Sonnet 146 is well known for its deeply intriguing religious aspect, as it is one of Shakespeare’s religious sonnets and almost the only religious one. It is religious as its tone mentions its concern with heaven, asceticism and also the progress of the soul all through out the sonnet. The idea that the poet was trying to convey to his audience is that the body exists at the expense of the soul, so that adorning or worrying about its beauty can only be accomplished at the souls expense.
The poem is an internal monologue, which makes it first person point of view. This helps the audience understand that he is talking to himself and whom he is talking about. This sonnet can also be referred to as mediation between the soul and the body relationship. The imagery in the first line ‘my sinful earth’ stands out as it has a stronger tone with iambic pentameter, which causes ‘my’ to have an emphasised tone. The sentence then reflects the image of us, as it is our responsibility to keep this earth well.
With the use of Shakespears imagery throughout the sonnet, he did a good job on structuring the poem so that we can understand the basis of our life and then moves onto more religious aspects of the sonnet. Sound is also a technique used in the poem to slow down the pace. In line 11 ‘buy terms divine in selling hours of dross’, sounds smooth because of the slight consonance sound of ‘s’ and makes this line sound serious and gloomy. Throughout the sonnet the speaker is continuously asking himself questions.
This affected myself as when I was reading the poem it started to make me think about all the rhetorical questions. Is this really life? The poets use of rhetorical questions through out the sonnet is quite redeeming as he asks his soul why it allows itself to suffer for the sake of its ‘sinful earth’. In line 7 of the sonnet the poet questions his soul’s expenditure on bodily ‘excess’ knowing that it will all go to the worms in the end anyway. The most important metaphor in this poem is the beginning line ‘poor soul the centre of my sinful earth’, where earth represents the place we live in.
The words poor and sinful are both negative. We can understand through this negative tone that the poet or the ‘earth’ in this sonnet is a bad place and we then link ‘sinful’ to ungodliness, which is what the whole poem is about. Another example of metaphor used in this poem is found in the second quatrain; ‘fading mansion’ which is used the represent our body. This metaphor explains that our souls are slowly dying and becoming very dull and fading as we do not live our lives like we are suppose to, according to the poet.
In line 13 ‘so shalt thou feed on death’, gives us the audience a thought that we must constantly be thinking about death and also as a part of human nature we ponder about life. In other words, for this metaphor, we as humans feed on death, which in turns feeds on us. ‘Why so large a cost, having so short a lease’ this ‘lease’ refers to life, which is short as we as humans are not immortal. This metaphor asks why we as humans put so much effort into life when death comes so quickly. Closing couplet: The metaphor from the 3rd quatrain is continued and expanded in the closing couplet.

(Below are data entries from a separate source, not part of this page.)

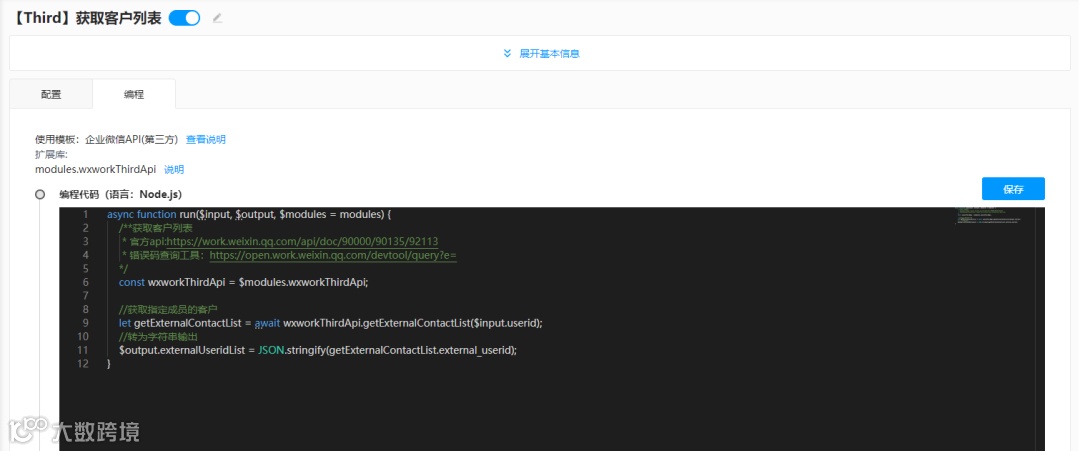 在功能中调用上图API可保存所有外部联系人id到联系人数据表中,这里就不详细说明了。
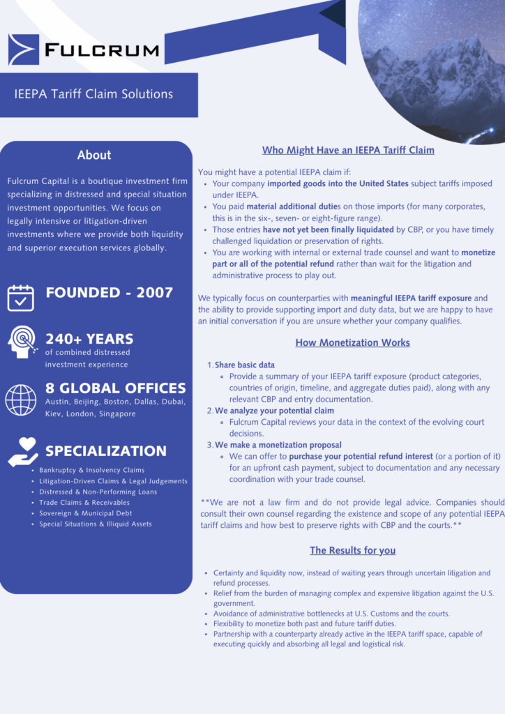 Get a quote / contact us if you are interested in selling your potential IEEPA tariff claim. Fulcrum Capital can provide you with the liquidity you need. We actively purchase interests in potential refund claims arising from tariffs imposed under IEEPA that are now being challenged in the courts.
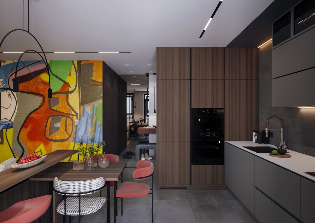 — У нас был проект, где заказчики захотели сделать на всю стену яркое граффити — это был дизайн-проект мужского интерьера для папы и сыновей, но переосмысленный за счет использования мягких фактур и обтекаемой мебели. Думаю, и биофильность в дизайне появилась по той же причине. Людям нравится больше времени проводить с природой, это успокаивает в нестабильном мире, становится таким островком стабильности. Все чаще клиенты хотят интегрировать в интерьер какие-то личные вещи. У нас был проект в ЖК «Уютный», где парень просил использовать вышивку бабушки — это аутентично и интерьер сразу становится про человека. Но, конечно, есть и те, кто еще не готов или только находится на грани перехода от минимализма, мягких цветов и спокойных оттенков к яркости и цветочным принтам, — говорит Екатерина.
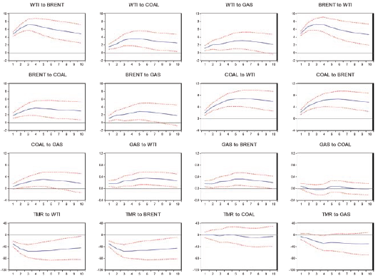 En este sentido, dado que Sims et al. (1990) mencionaron que es posible utilizar un modelo VAR con las variables en niveles, siempre que las series estén cointegradas, se estima un modelo VAR generalizado y cointegrado2. En la Figura 2, se observan las funciones impulso-respuesta (FIR) del modelo estimado, a dos desviaciones estándar. Los resultados permiten evidenciar que los precios de las materias primas seleccionadas responden de manera significativa y positiva ante un choque positivo del precio de cualquier commodity, exceptuando la respuesta del gas frente al carbón, dado que no se presenta significancia estadística.
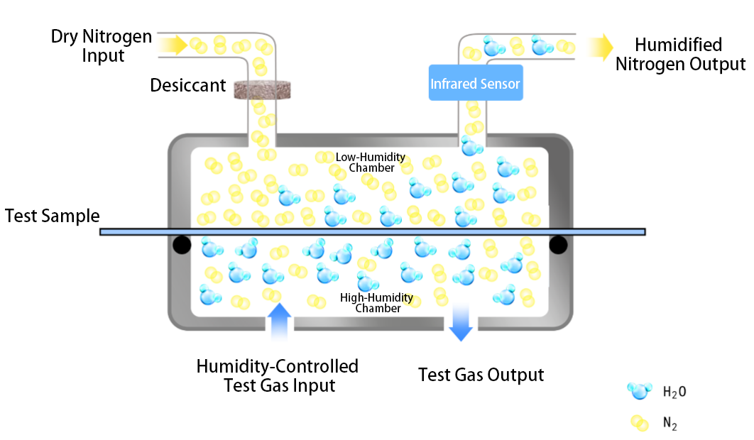 de muestras en condiciones controladas de temperatura y humedad. Ideal para analizar la permeabilidad al vapor de agua de películas, láminas, papeles, envases y diversos materiales en industrias como la alimentaria, farmacéutica, de dispositivos médicos, química de uso diario y electrónica fotovoltaica, es un instrumento esencial, tanto en línea como fuera de línea, para que los fabricantes de envases evalúen el rendimiento de barrera de sus materiales.

It finishes from the 1st quatrain of the starving person within the mansion and then turns into irony of the idea that death feeds on humans. And in the last lines, ‘death’ and ‘dying’ are words used as imagery to describe and give us the final image of eternal life. Shakespeare, with the use of vivid imagery, makes us understand that we as humans cannot live forever. What we do to ourselves will also not last forever and eventually it will become dull. The metaphors in this sonnet helps how we think about ourselves as humans, though we are civilised we still tend to neglect morals and we will always have flaws in life.
When I read through this, I cant help but question myself about my existence here in the world and what will happen when we eventually do pass on. With the use of these rhetorical questions it does get the audience questioning themselves and really interacts with the reader and Shakespeare has done this very well. He shows us that we make the best use of our time and work on our soul instead of our external self and with the use of his language techniques; Shakespeare can clearly demonstrate this point to the readers.